[Opening Source data section]
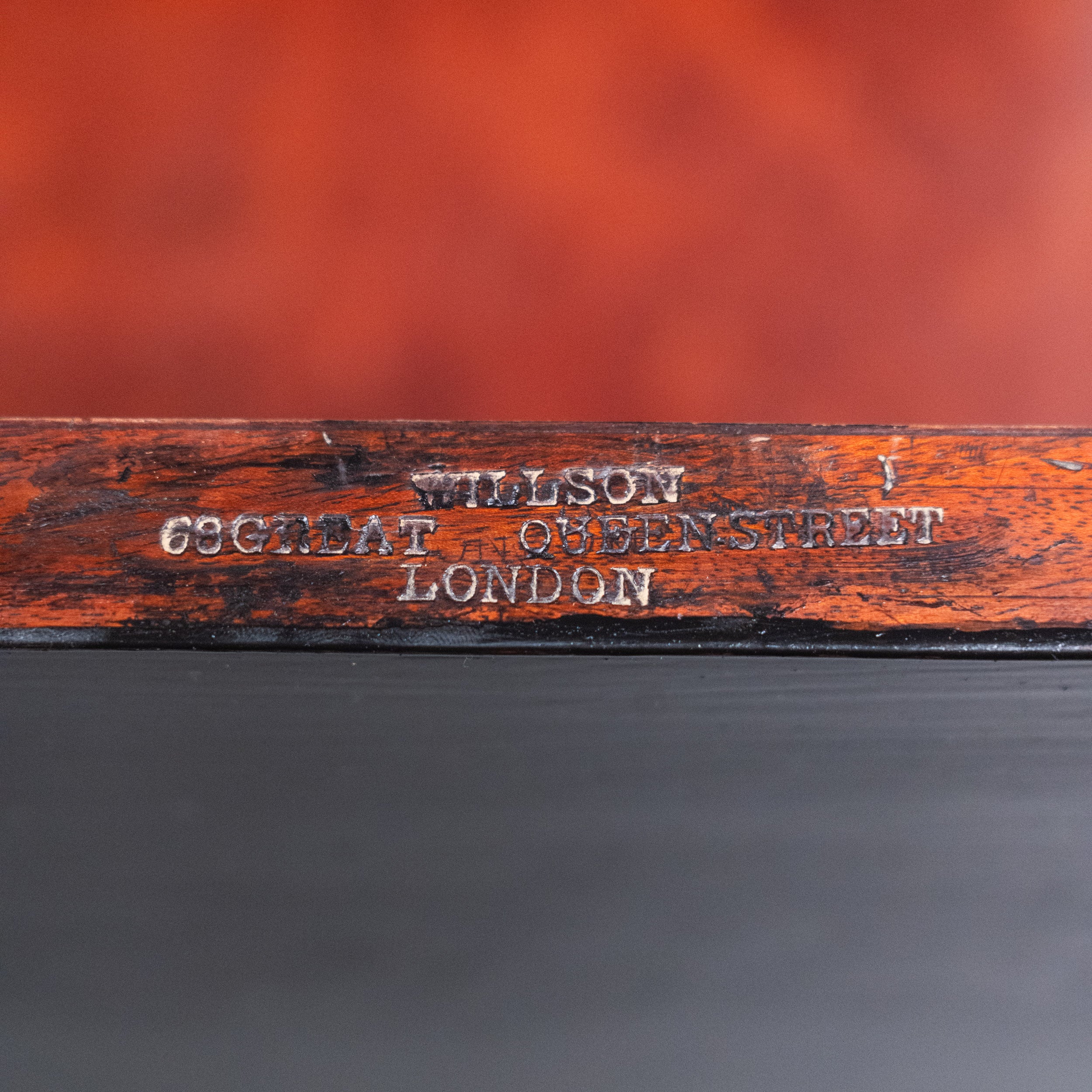 An exceptional antique English ebonized secretary bookcase desk, London made circa 1900 and retaining the original cabinetmaker’s stamp for Wilson, 68 Great Queen Street.
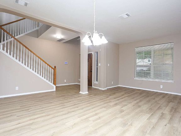 Spacious 4 bedroom; 2.5 bath home in 3235 sq.ft. Open floor plan; spacious living room; island kitchen granite counter tops; custom cabinets; second floor loft. All bedrooms upstairs. Ceramic tile & wood-look vinyl on 1st floor. Carpet on 2nd floor. Primary bedroom is split from others. The spacious en-suite includes, bathroom w/double vanities, and separate garden tub & shower. Large walk-in closet. Backyard features covered patio and privacy fence. Just down 1604 from La Cantera Shopping & Fiesta Texas
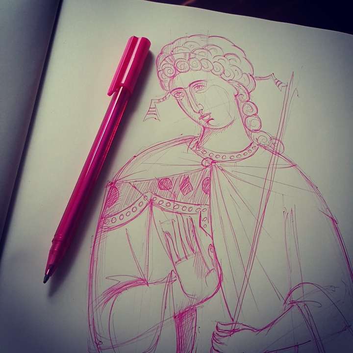 As for whether my style has any merits, perhaps that would be for others to judge. In terms of its relation to historical work, what I strive to do is use the same Byzantine system used throughout all periods and schools of Byzantine painting, that is, the use of line, colour, composition and perspective to create icons that fulfil the ecclesiastical and liturgical function of the icon which is to bring the viewer into communion with the person depicted here and now.
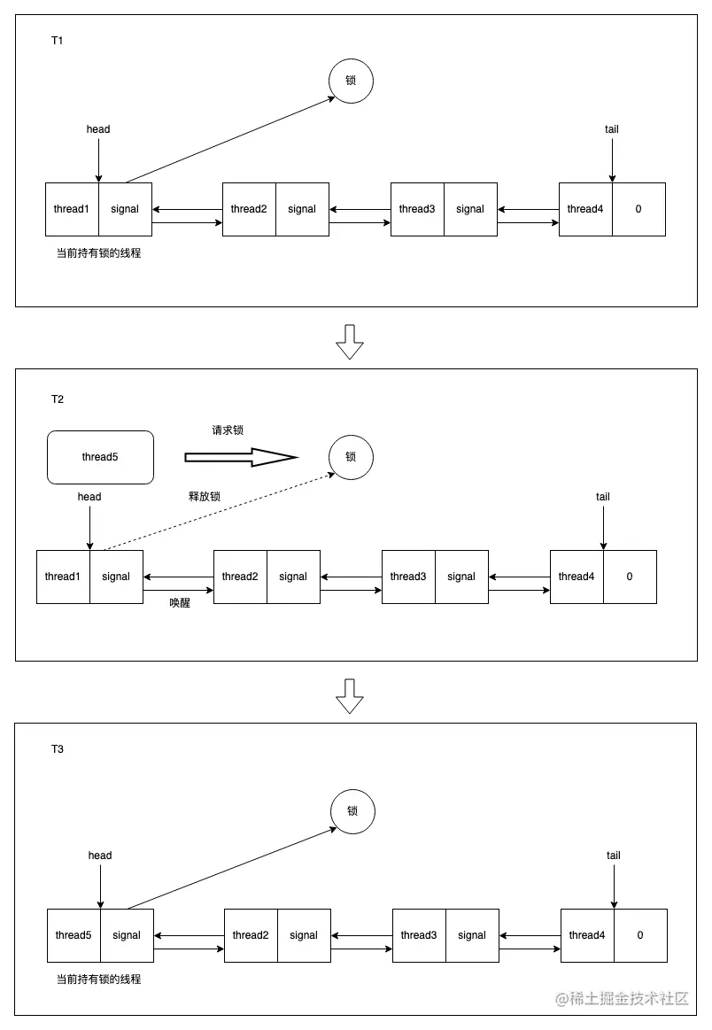 为什么设置了前驱节点的状态为 SIGNAL 后,需要再次循环去尝试获取锁,而不是直接进行阻塞?这里就可以给出解答:如果设置了 SIGNAL 后,直接阻塞的话,thread 1 会无法获取锁。
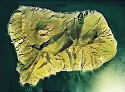At 9.73 square kilometers (3.76 sq mi), Ōshima is the largest uninhabited island under Japanese sovereignty. The island is a double caldera with a scoria hill rising in the middle. It is the peak of two overlapping stratovolcanoes and their associated calderas, Mount Higashi and Mount Nishi.[1] The highest peak, Mount Era (江良岳, Era-dake) at 737 meters (2,418 ft),[2] is part of a triple volcano. The peak rises close to 2,000 meters (6,600 ft) from the sea floor. The island consists of mafic alkali and non-alkali volcanic rock, less than 18,000 years old.[3] On the south side of the island at Aidomari (北風泊, Aidomari), there is a lighthouse and a heliport operated by Japan Coast Guard.
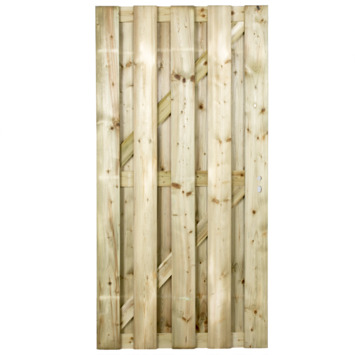 Deze poort kan het beste worden gecombineerd met een schutting van vuren hout, zoals de schutting Exclusive. De poort heeft een breedte van ongeveer 100cm en de hoogte is 200 cm. Je kunt zelf kiezen of je deze poort links- of rechtsdraaiend plaatst.
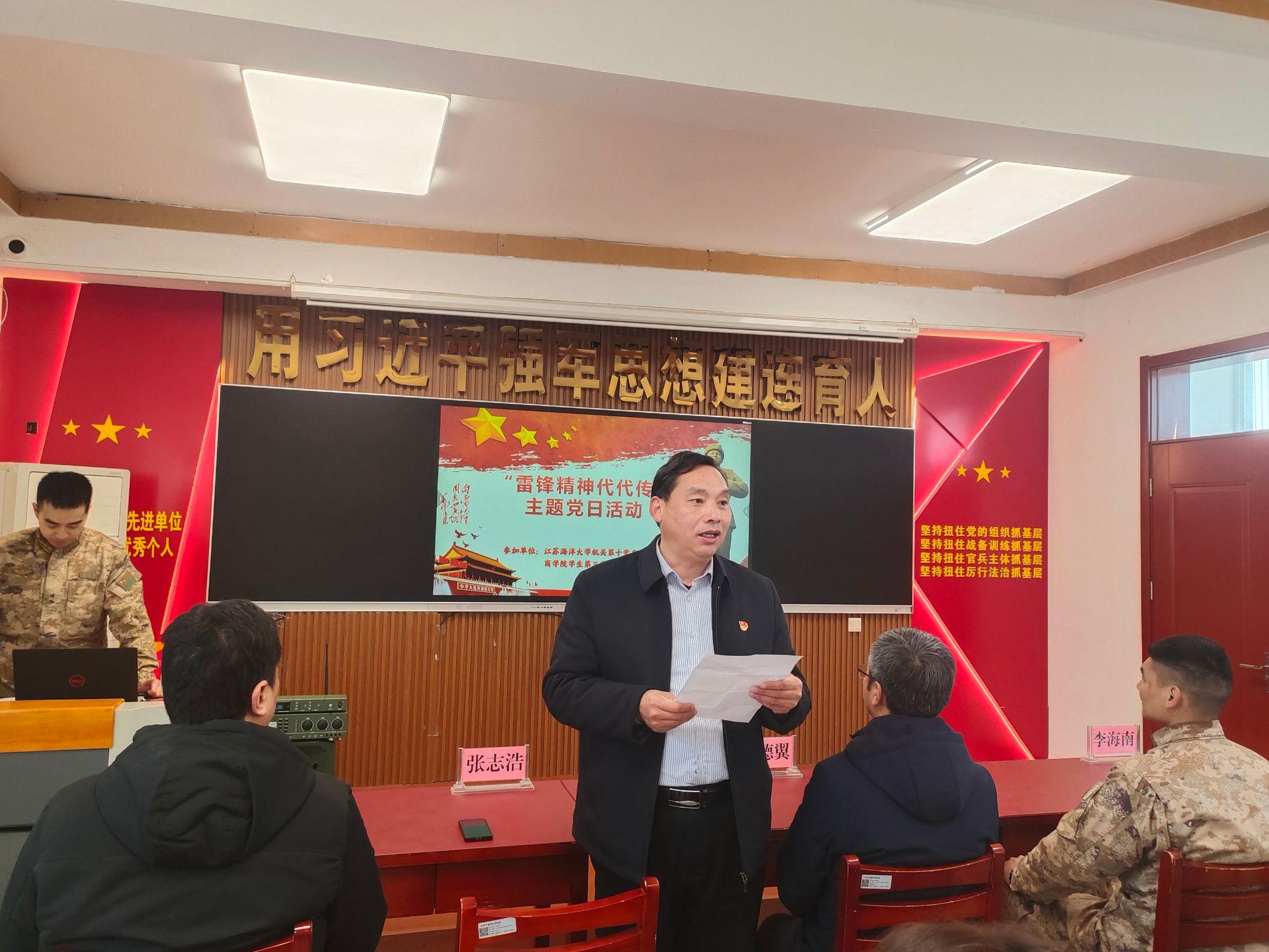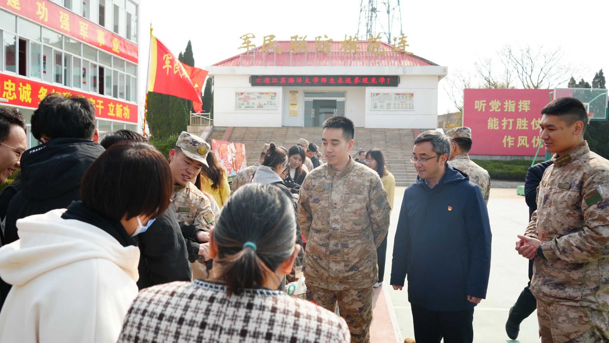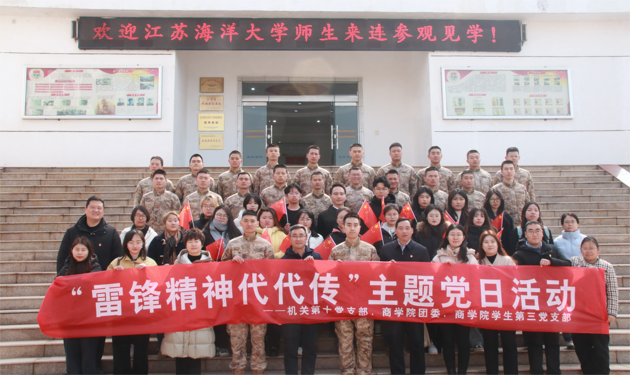 为深入贯彻落实习近平总书记关于弘扬雷锋精神的重要指示精神,继续深化拓展学雷锋活动,3月2日上午,在学习雷锋纪念日前期,我校机关第十党支部、商学院团委、商学院学生第三党支部的师生党员来到“军民联防模范连”31609部队41分队营区进行支部共建,共同开展“雷锋精神代代传”主题党日活动。校人民武装部部长陈德翼、副部长张志浩,校机关第十党支部、商学院团委、商学院学生第三党支部的师生党员共同参加活动。31609部队41分队连长李建、政治指导员凌奕晖及全体官兵热情接待了参加见学的师生。
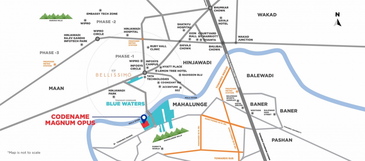 Township Codename Blue Waters now spans from Mahalunge to Hinjawadi Phase 1. The entire belt is in the fast-development zone due to the Maan-Mahalunge Hi-tech City development on one side and the Rajiv Gandhi Infotech Park development on the other.
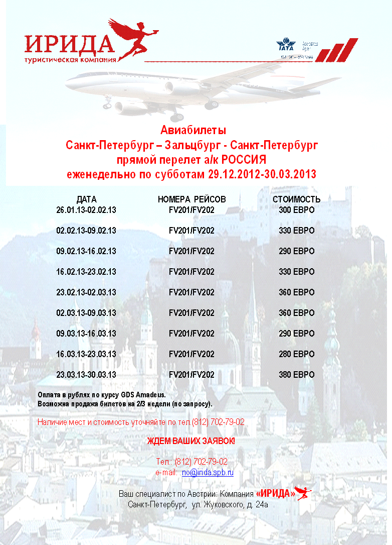 18 Янв 2013 16:04:22 АВИАБИЛЕТЫ СПБ-Зальцбург-СПБ, еженедельно по субботам до 30.03 от фирмы ИРИДА
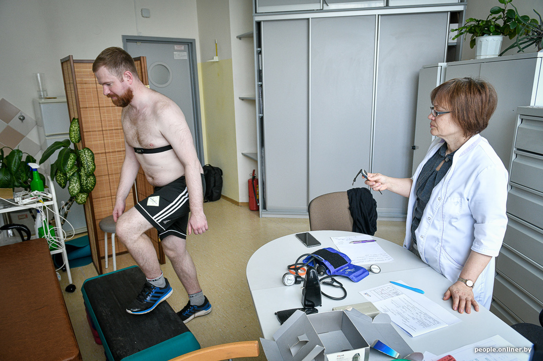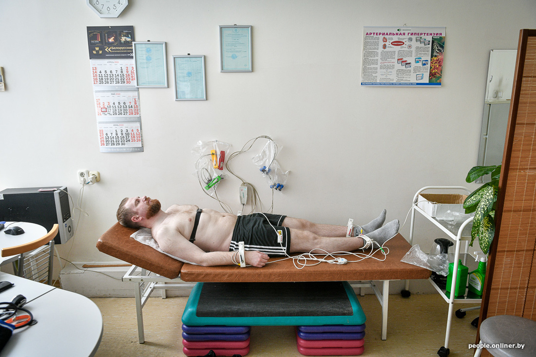 Вообще, думал, что просто полежу на кушетке, ко мне присоединят датчики — и на этом мой поход к врачу будет окончен. Но не тут-то было. Для того чтобы понять, какие физнагрузки мне необходимы, пришлось выполнить ряд упражнений вроде глубоких приседаний, жима динамометра, подъемов под метроном на стэп-платформу, после чего оперативно замеряли давление. Вердикт оказался не самый обнадеживающий. С давлением все нормально, но для человека, который когда-то занимался спортом, я не совсем гибкий, из-за пролапса есть небольшие проблемы с сердцем, и объемы тренировок мне нужно дозировать.
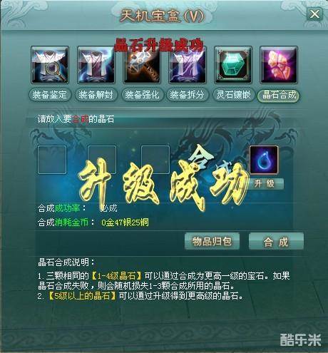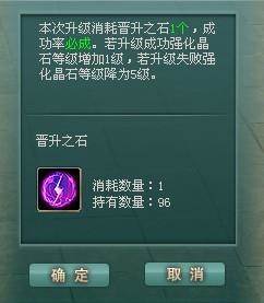 1、升级成功后,低级强化晶石消失,生成高一级强化晶石。
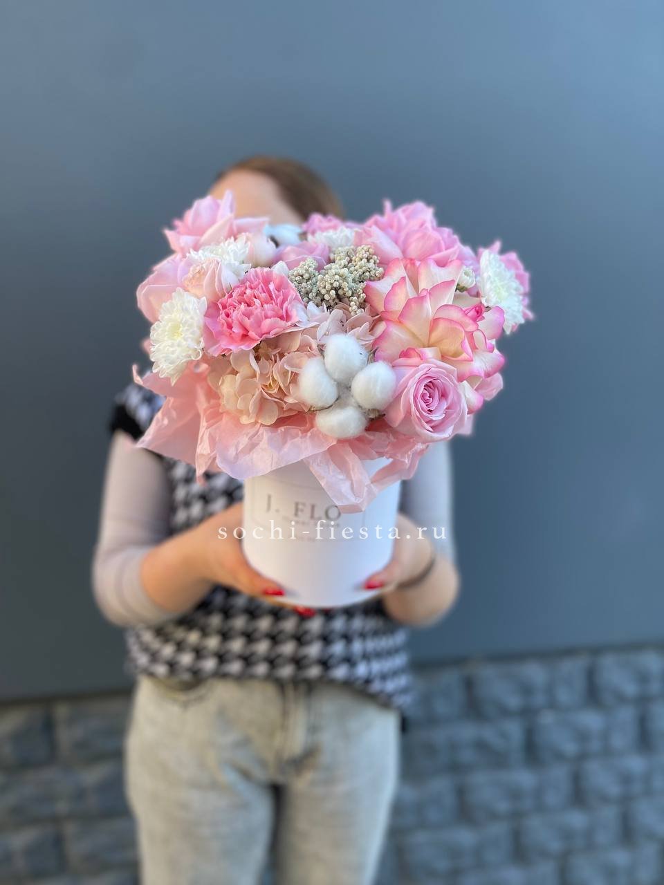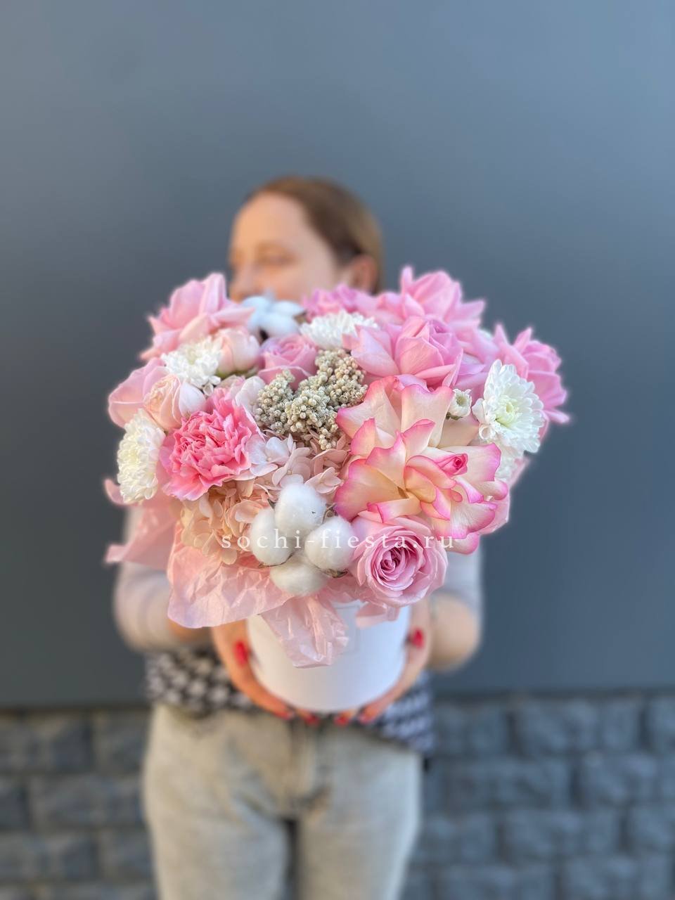 гортензия, французские розы, диантусы, эустома, цилиндр D20, эвкалипт, бумага тишью.
[Closing Source data section]
Starting from the first line of the entries above, print each line exactly until the line containing "为什么设置了前驱节点的状态为 SIGNAL 后,需要再次循环去尝试获取锁,而不是直接进行阻塞?这里就可以给出解答:如果设置了" has been printed, and skip the pictures.

__Response below__:
 An exceptional antique English ebonized secretary bookcase desk, London made circa 1900 and retaining the original cabinetmaker’s stamp for Wilson, 68 Great Queen Street.
 Spacious 4 bedroom; 2.5 bath home in 3235 sq.ft. Open floor plan; spacious living room; island kitchen granite counter tops; custom cabinets; second floor loft. All bedrooms upstairs. Ceramic tile & wood-look vinyl on 1st floor. Carpet on 2nd floor. Primary bedroom is split from others. The spacious en-suite includes, bathroom w/double vanities, and separate garden tub & shower. Large walk-in closet. Backyard features covered patio and privacy fence. Just down 1604 from La Cantera Shopping & Fiesta Texas
 As for whether my style has any merits, perhaps that would be for others to judge. In terms of its relation to historical work, what I strive to do is use the same Byzantine system used throughout all periods and schools of Byzantine painting, that is, the use of line, colour, composition and perspective to create icons that fulfil the ecclesiastical and liturgical function of the icon which is to bring the viewer into communion with the person depicted here and now.
 为什么设置了前驱节点的状态为 SIGNAL 后,需要再次循环去尝试获取锁,而不是直接进行阻塞?这里就可以给出解答:如果设置了 SIGNAL 后,直接阻塞的话,thread 1 会无法获取锁。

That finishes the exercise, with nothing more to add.